By Senator Bill Nelson

February 15, 2005

Recently, I received a letter from a constituent in Florida who told me an all too familiar story: “I’ve spent my life supporting my family, paying my taxes, sharing and giving to the less fortunate. I invested in my family and my country. And I do not regret that. I am still working and supporting my children and grandchildren. However, there will be a day when I can no longer work. Most likely, all I will have to fall back on is Social Security.”

My constituent isn’t alone. In fact, two out of three beneficiaries receive over 50 percent of their retirement income from Social Security.

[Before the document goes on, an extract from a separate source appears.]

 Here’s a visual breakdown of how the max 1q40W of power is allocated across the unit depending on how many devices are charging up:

And it’s the only source of income for one-fifth of Americans over 65.

The same constituent went on to ask questions that likely are weighing on the minds of many elderly Americans, “Are you going to consider me a burden, a problem, an obligation that needs to be reduced or eliminated? Or are you going to remember everything I did for my family and my country?”

Seventy years after President Franklin D. Roosevelt signed the Social Security Act into law, President George W. Bush wants to divert some money from the Social Security Trust Fund and risk it in the stock market. This plan is no honor to Roosevelt’s legacy, because it fails to address long-term funding shortfalls in the system and stands to cut benefits that are a lifeline for so many Americans. It doesn’t to live up to the promise we originally made to retirees who spend a lifetime working hard and paying Social Security premiums.

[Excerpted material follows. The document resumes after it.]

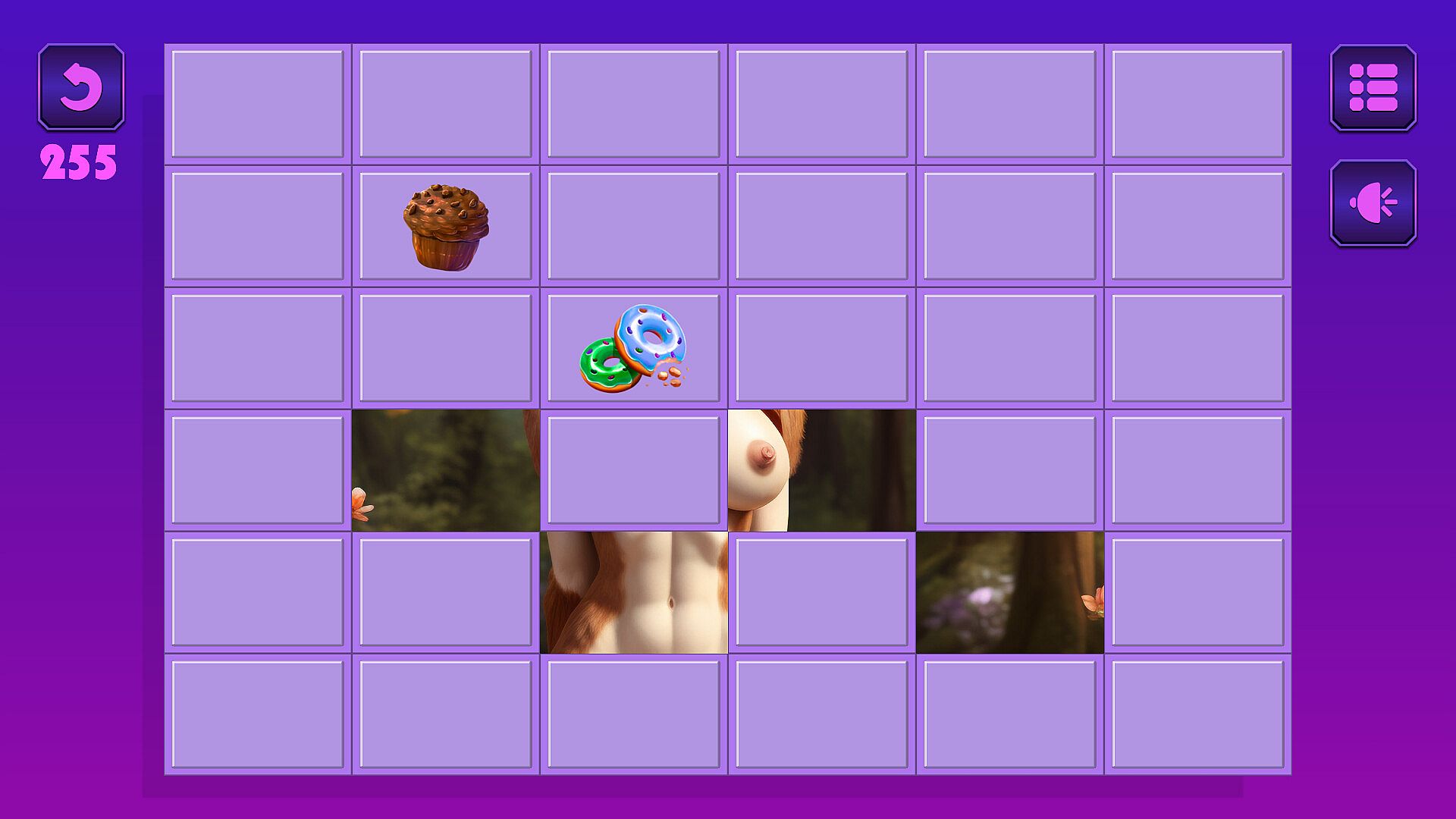 Remember symbols to reveal complete images piece by piece in this indie casual puzzle experience. Tackle eight fresh levels featuring fauns, each unlocking uncensored faun artworks in full HD. A relaxing soundtrack accompanies your progress, with a full art gallery for zooming via mouse scroll. Press C for cheat mode to finish any level instantly. All characters are 18+ years old. Casual players who enjoy laid-back memory challenges and artwork collection find a perfect fit here.

Rather than taking trillions of dollars out of the system for private accounts, I’m working with leaders in Congress to come up with a bipartisan solution to challenges the program now faces. I’m also drafting legislation to give workers tax breaks for saving more for their own retirement – over and above Social Security.

I believe we have a moral obligation to ensure that retirees, disabled individuals and their survivors have the safety net of Social Security – now and in the future. The system has been fixed in the past, and I’m confident it can be again – if we can keep politics out of the debate.

Bill Nelson is the senior U.S. senator from Florida who sits on the Senate Special Committee on Aging.